UK markets and Sterling rose this week after the Labour Party secured a resounding and long-predicted General Election victory, with the FTSE 100 Index gaining 0.41% to trade at 8,260 points at the time of writing.
Investors are hoping that the new government, with its large majority, will bring a period of relative political and economic stability. Labour has won 412 House of Commons seats out of 650, whilst the Conservative party dropped to 121 seats.
Analysts suggest that the modest gains reflect a belief among investors that Labour’s victory draws a line under a relatively volatile period in markets under the Conservatives, including the huge fall in Sterling after the 2016 vote to leave the EU and Liz Truss’ ill-fated “mini” Budget in 2022, which triggered turmoil in the gilts market.
A key selling point of the incoming Labour administration has been its focus on financial stability with investors also hopeful that the potential for planning reform could help boost the UK economy and lift stocks, which have performed much worse than their US and European rivals over the past decade.
Elsewhere, UK shop prices fell between May and June and were little changed from last year, according to sector data that suggests the next government will benefit from a sharp easing in the cost of living crisis.
Prices in stores and supermarkets fell by 0.2% month on month in June, with both food and non-food items registering a contraction, the British Retail Consortium trade body said on Tuesday. Annual inflation, the change in retail prices compared with the same month in 2023, dropped to only 0.2% last month, down from 0.6% in May and the lowest since October 2021.

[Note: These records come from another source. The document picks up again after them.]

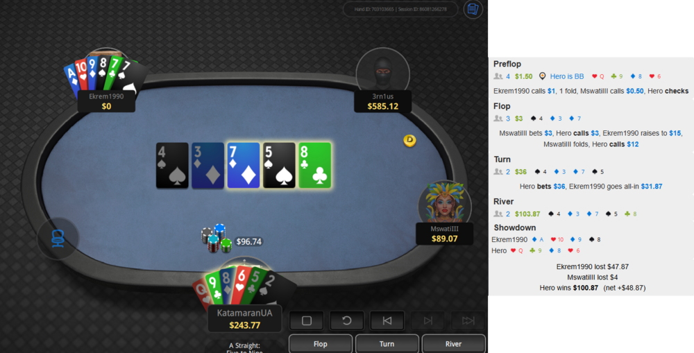 2. просто тирив блайнд. але ми з ним грали на кількох столах і вже пару стеків на 50 в нього встиг віджати. напевно злився (фіолетовим маркером помічаю адекватів і він шось нехарактерне тут видав), а тому на рівері влаштував в'єтнам. я не проти. з натсами ізікол.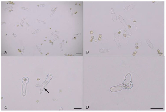 Pollen is the male gametophyte that carries plant genetic information and directly affects the breeding efficiency of crops [1,2], vegetables [3,4], fruits [5,6] and trees [7,8]. Its viability has an important impact on fertilization [9], embryo development [10] and seed quality [11]. The viability and longevity of plant pollen varies with species and environmental conditions [12]. The three main methods to test pollen viability include staining techniques [13,14,15,16], capacity to affect seed set [17,18] and in vivo and in vitro germination [19,20]. These methods each have advantages and disadvantages. The staining technique is simple and quick, but its results are often overestimated and may not show any correlation to the germination tests [21]. Determining pollen viability by seed set is the most authentic and accurate test, but it is environmentally sensitive, laborious and time consuming [12]. In vitro germination simulates natural pollination, so its detection results correlate with the fruit and seed sets [12,22]. Pollen culture in vitro allows not only the germination rate of pollen to be observed, but also the development of the pollen tube to be monitored [12]. However, the conditions of pollen germination in vitro vary with different plant species, so it is necessary to study the optimal medium composition and concentration for each species [1,23,24]. Artificial culture media are dependent on species, and examples include soybean requires 15 g of sucrose, 0.03 g of Ca(NO3)2, and 0.01 g of H3BO3 in 100 mL of deionized water [1], the medium of Vitis vinifera which contains 15% sucrose and 1% agar [23], and the optimal medium for pollen germination of Keteleeria fortunei contains 240 g/L sucrose, 70 mg/L CaCl2 and 210 mg/L H3BO3 [24].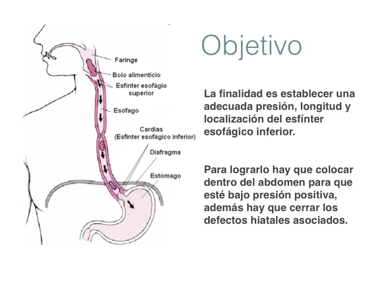 Para lograrlo hay que colocar dentro del abdomen para que esté bajo presión positiva, además hay que cerrar los defectos hiatales asociados.

The Labour government will benefit from the work of retailers to cut their costs and prices, easing the cost of living for millions of households. Food inflation is now lower than at any time since 2021, helped by falling prices for essentials such as butter and coffee, and non-food prices fell from this time last year as retailers sought to boost sales through discounting.
Commodity markets
In the commodity markets, Brent crude futures traded around $87 per barrel on Friday to hit their highest level since April, after the US Energy Information Administration reported a 12.2 million draw in inventories. Analysts polled by Reuters had expected a draw of 680,000 barrels. On Thursday, Reuters reported that Russia’s oil producers, Rosneft and Lukoil will sharply cut oil exports from the Black Sea port of Novorossiysk in July, according to two sources familiar with a loading plan.
Meanwhile, Saudi Arabia’s Saudi Aramco cut the price of its flagship Arab light crude it will sell to Asia in August to $1.80 a barrel above the Oman/Dubai average. The potential price reduction for Asia, which accounts for about 80% of Saudi’s oil exports, underscores the pressure faced by OPEC producers as non-OPEC supply continues to grow while the economy faces headwinds.

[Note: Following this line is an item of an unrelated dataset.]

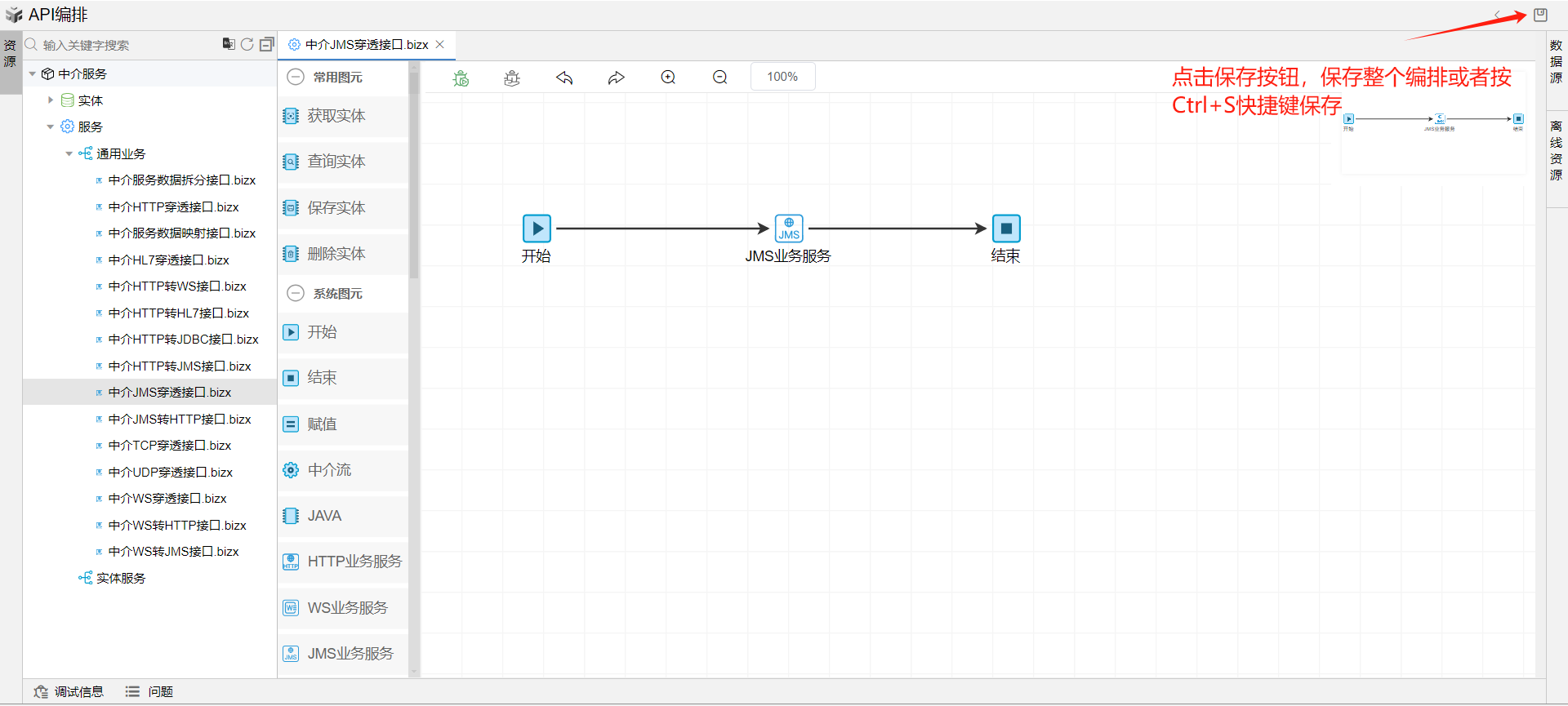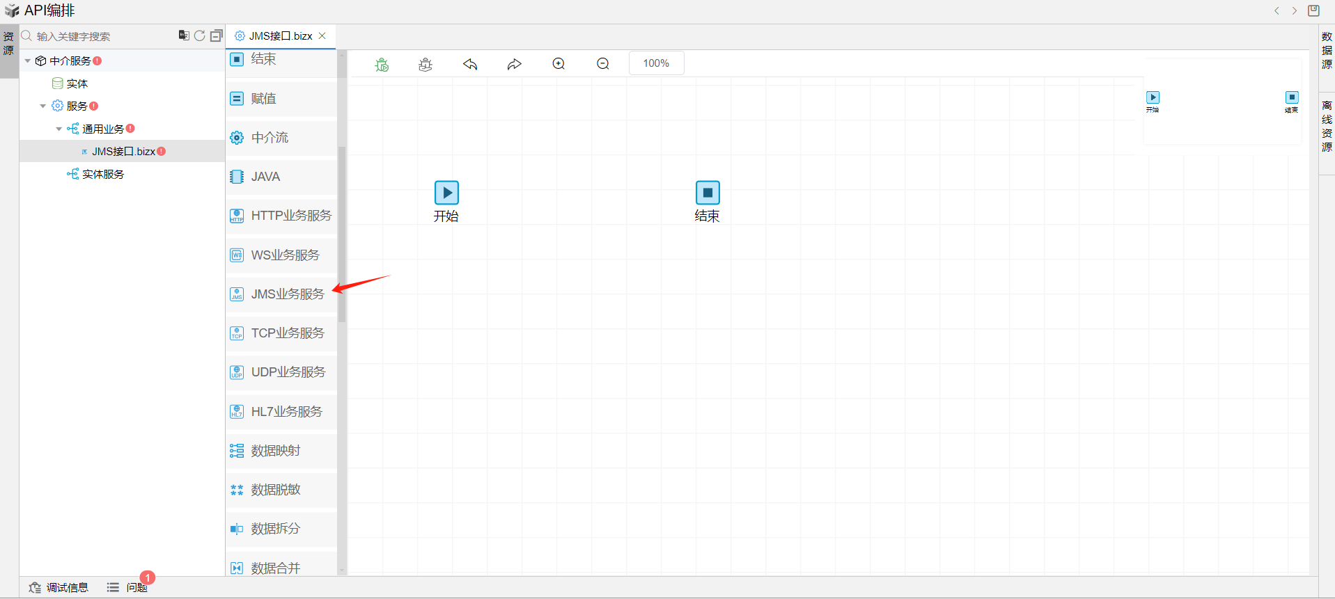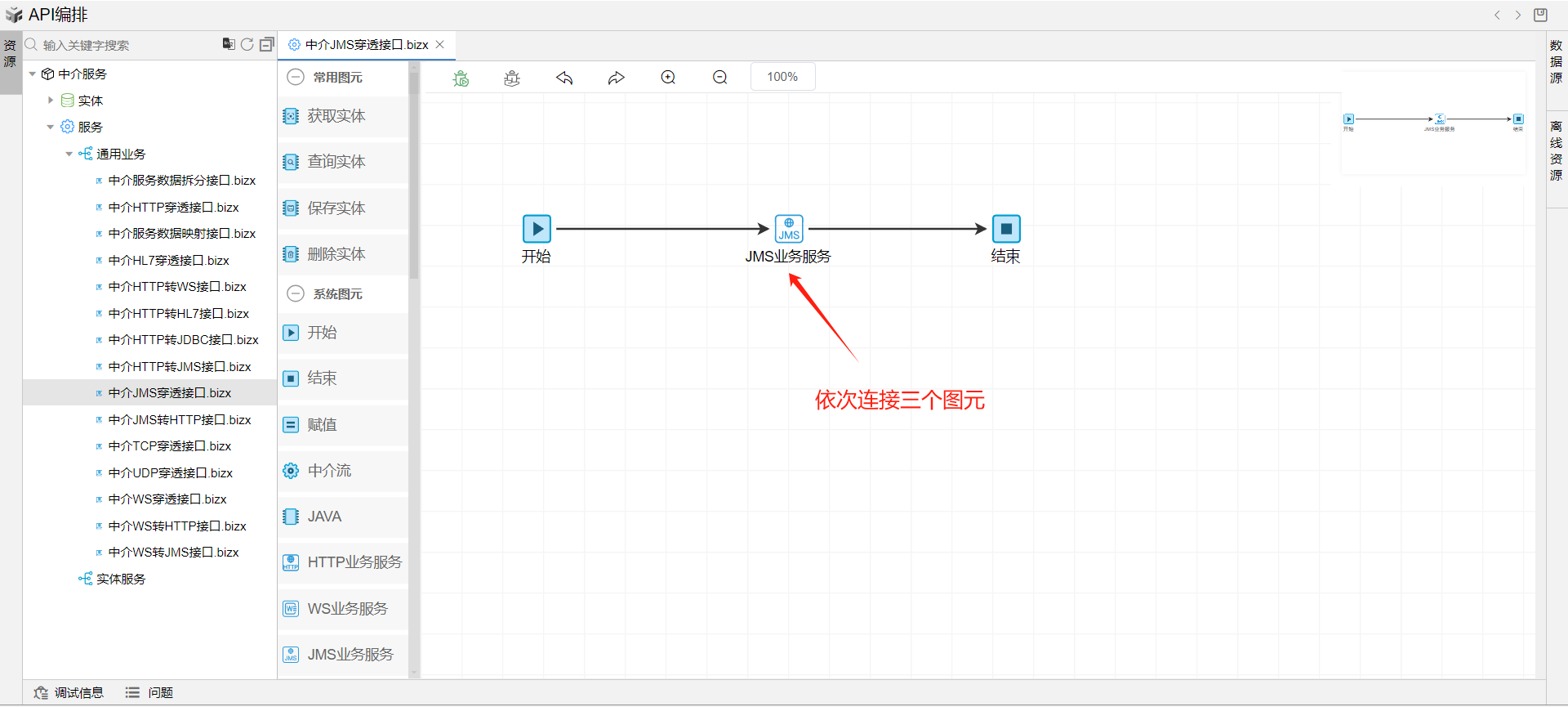 1. 保存成功后系统自动打开中介编排页面。从左侧拖一个JMS业务服务图元到开始和结束图元中间,并依次连接各个图元。如下图:

Swiss bank, UBS expects Brent crude to reach $90 a barrel this quarter, citing OPEC+ production cuts and projected declines in oil inventories.
Gold Prices traded around $2,360 an ounce on Friday, and are set for a weekly rise, as softer than expected US economic data fuelled hopes that the Federal Reserve could cut interest rates as soon as September.
Equity markets
US equity futures were little changed on Friday as investors look ahead to the ‘nonfarm’ payrolls report due later today. The US economy is set to add 190,000 jobs in June 2024, a decrease from the 272,000 added in May, and the unemployment rate is expected to remain steady at 4%, the highest since January 2022.

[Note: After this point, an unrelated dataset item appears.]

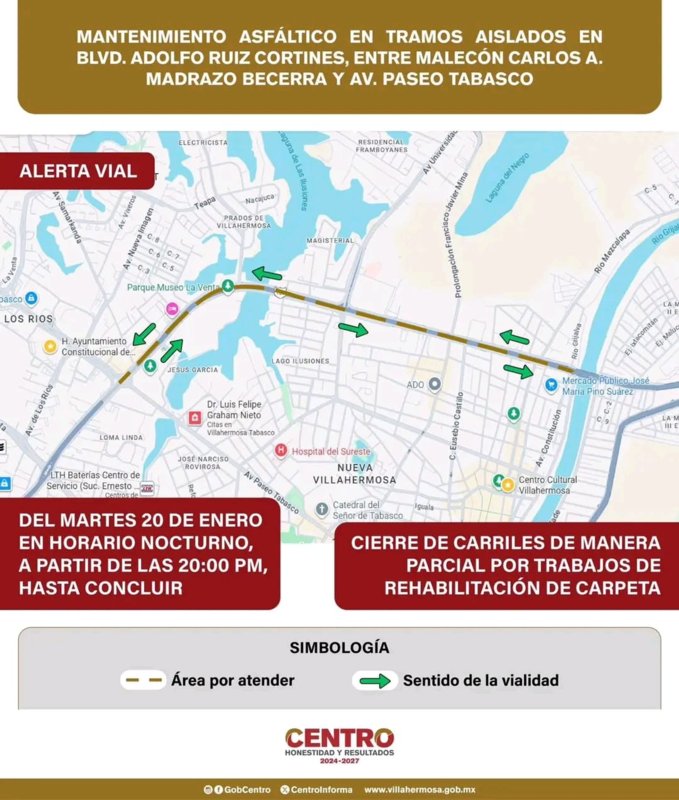 El Ayuntamiento de Centro emitió una alerta vial que desde este martes 20 de enero, a partir de las 8 de la noche y hasta concluir; se realizarán trabajos de mantenimiento asfáltico en horario nocturno en la Avenida Adolfo Ruiz Cortines.

The US market was closed on Thursday for the 4th July Independence Day holiday. US manufacturing contracted for a third straight month in June as demand remained subdued, while a drop in a measure of prices paid by factories for inputs, to a six-month low suggested that inflation could continue to subside.
The weakness at the end of the second quarter reported by the Institute for Supply Management on Monday was across the board. Manufacturing is being pressured by higher interest rates and softening demand for goods, though business investment has largely held up. The Institute for Supply Management’s (ISM) manufacturing purchasing managers index (PMI) slipped to 48.5 last month from 48.7 in May.
A PMI reading above 50 indicates growth in the manufacturing sector which accounts for 10.3% of the economy. The PMI remains over the 42.5 level, which the ISM says over a period of time indicates an expansion of the overall economy. Economists polled by Reuters had forecast the PMI climbing to 49.1. The figures indicate a contraction in manufacturing in 19 of the last 20 months. 62% of manufacturing GDP contracted, up from 55% in May.
Eight manufacturing industries, including primary metals and chemical products, reported growth. Machinery, transportation equipment, electrical equipment, appliances and components as well as computer and electronic products were among the nine industries that contracted.
Other economic data released on Wednesday showed that first time applications for US unemployment benefits increased last week, while jobless numbers also rose, pointing to a slowing US economy.